#### MATERIAL TO PROCESS:
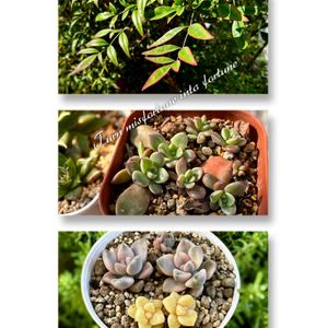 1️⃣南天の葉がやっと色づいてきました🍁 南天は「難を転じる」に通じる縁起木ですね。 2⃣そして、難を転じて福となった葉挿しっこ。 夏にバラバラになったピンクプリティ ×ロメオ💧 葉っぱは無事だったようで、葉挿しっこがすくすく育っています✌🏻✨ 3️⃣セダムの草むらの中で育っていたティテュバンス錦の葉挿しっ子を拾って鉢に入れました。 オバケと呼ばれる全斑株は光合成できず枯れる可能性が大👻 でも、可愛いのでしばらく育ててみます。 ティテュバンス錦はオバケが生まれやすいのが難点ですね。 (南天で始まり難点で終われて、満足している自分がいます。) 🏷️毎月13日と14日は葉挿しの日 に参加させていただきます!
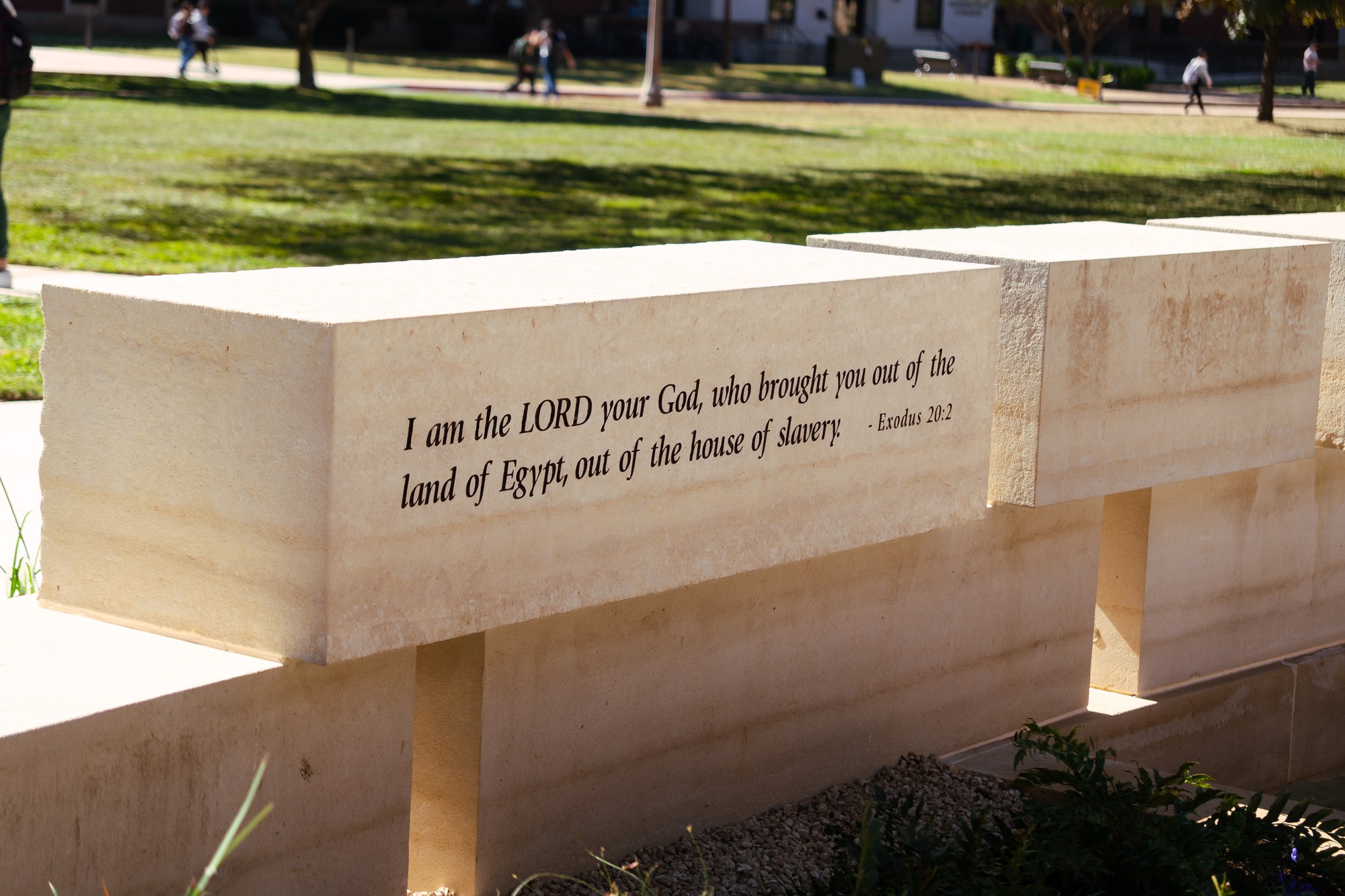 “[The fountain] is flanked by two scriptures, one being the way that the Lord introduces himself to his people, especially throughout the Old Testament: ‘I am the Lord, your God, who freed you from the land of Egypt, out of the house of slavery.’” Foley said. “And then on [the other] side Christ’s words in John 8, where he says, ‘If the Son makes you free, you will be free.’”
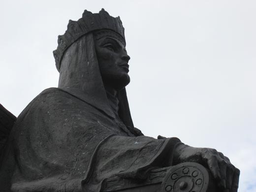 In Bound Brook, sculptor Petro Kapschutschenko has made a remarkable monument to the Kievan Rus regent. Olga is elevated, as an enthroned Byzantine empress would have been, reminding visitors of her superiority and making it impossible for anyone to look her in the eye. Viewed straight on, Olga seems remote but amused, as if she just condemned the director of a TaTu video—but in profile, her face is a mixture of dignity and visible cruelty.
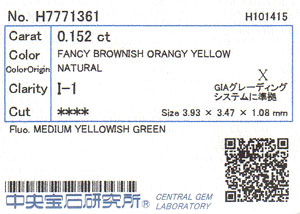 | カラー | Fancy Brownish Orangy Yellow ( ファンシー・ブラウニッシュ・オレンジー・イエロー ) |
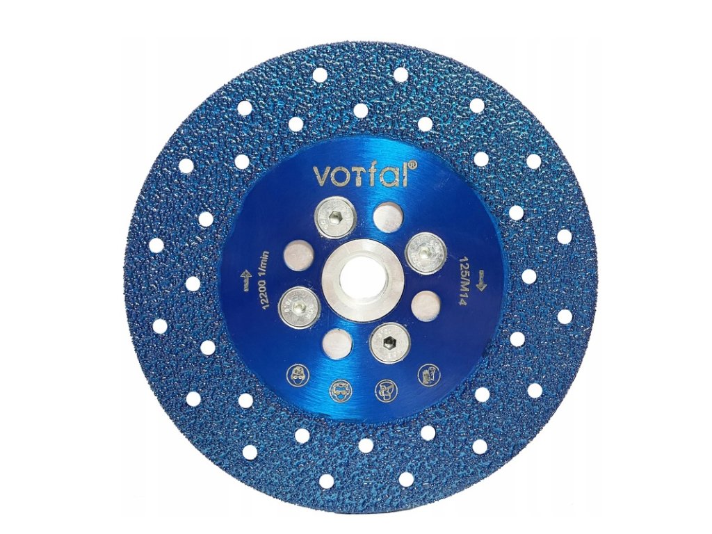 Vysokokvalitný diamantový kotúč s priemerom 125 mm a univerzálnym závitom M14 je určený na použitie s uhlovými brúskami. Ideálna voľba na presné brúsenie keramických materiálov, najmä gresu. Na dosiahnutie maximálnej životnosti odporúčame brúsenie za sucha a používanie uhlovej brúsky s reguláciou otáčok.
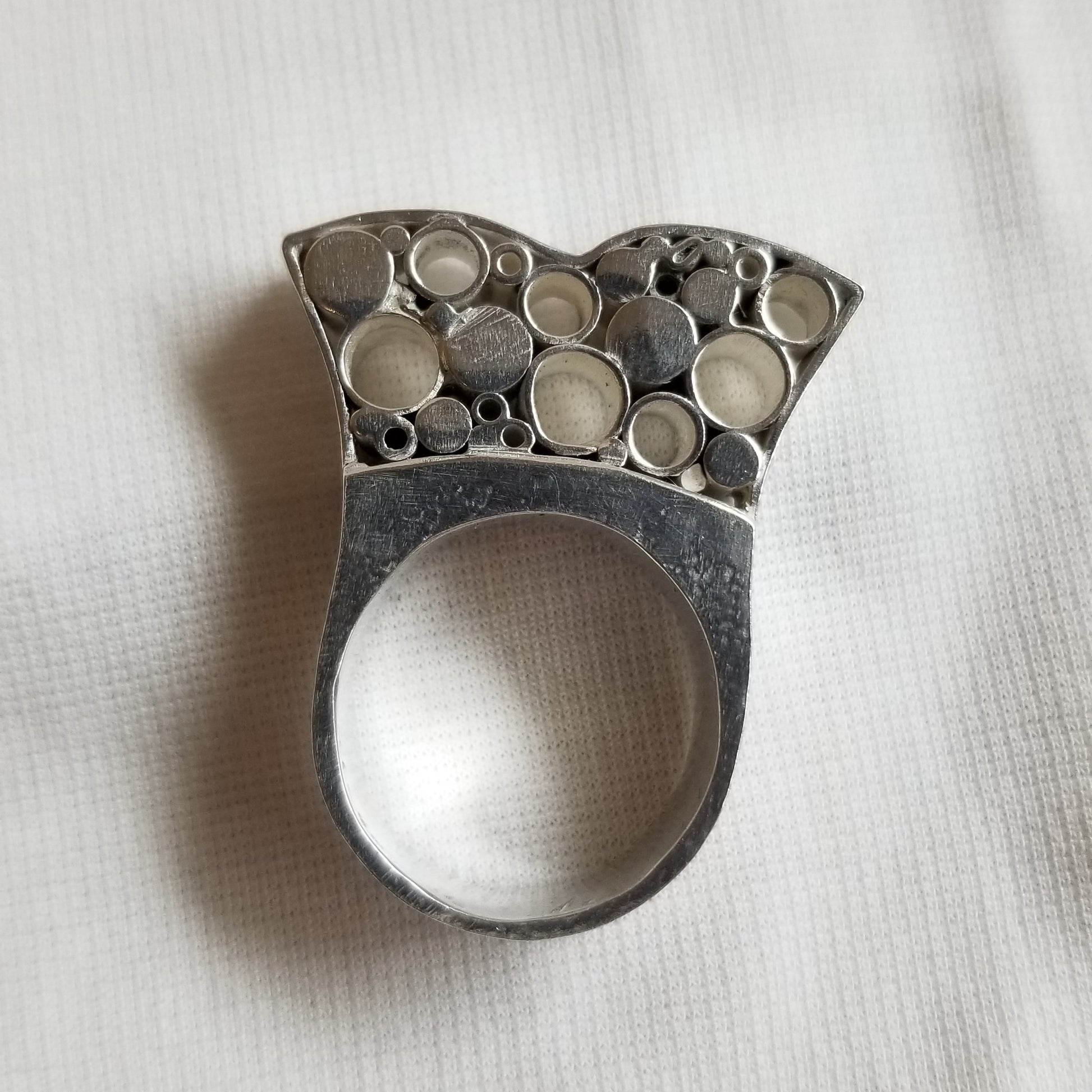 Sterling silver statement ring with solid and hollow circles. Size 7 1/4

#### PROBLEM REQUIREMENTS:
Beginning with the line with "Vysokokvalitný diamantový kotúč", repeat the entries above exactly, up to and including the last line, leaving out pictures.

#### SOLUTION TO THE EXERCISE:
 Vysokokvalitný diamantový kotúč s priemerom 125 mm a univerzálnym závitom M14 je určený na použitie s uhlovými brúskami. Ideálna voľba na presné brúsenie keramických materiálov, najmä gresu. Na dosiahnutie maximálnej životnosti odporúčame brúsenie za sucha a používanie uhlovej brúsky s reguláciou otáčok.
 Sterling silver statement ring with solid and hollow circles. Size 7 1/4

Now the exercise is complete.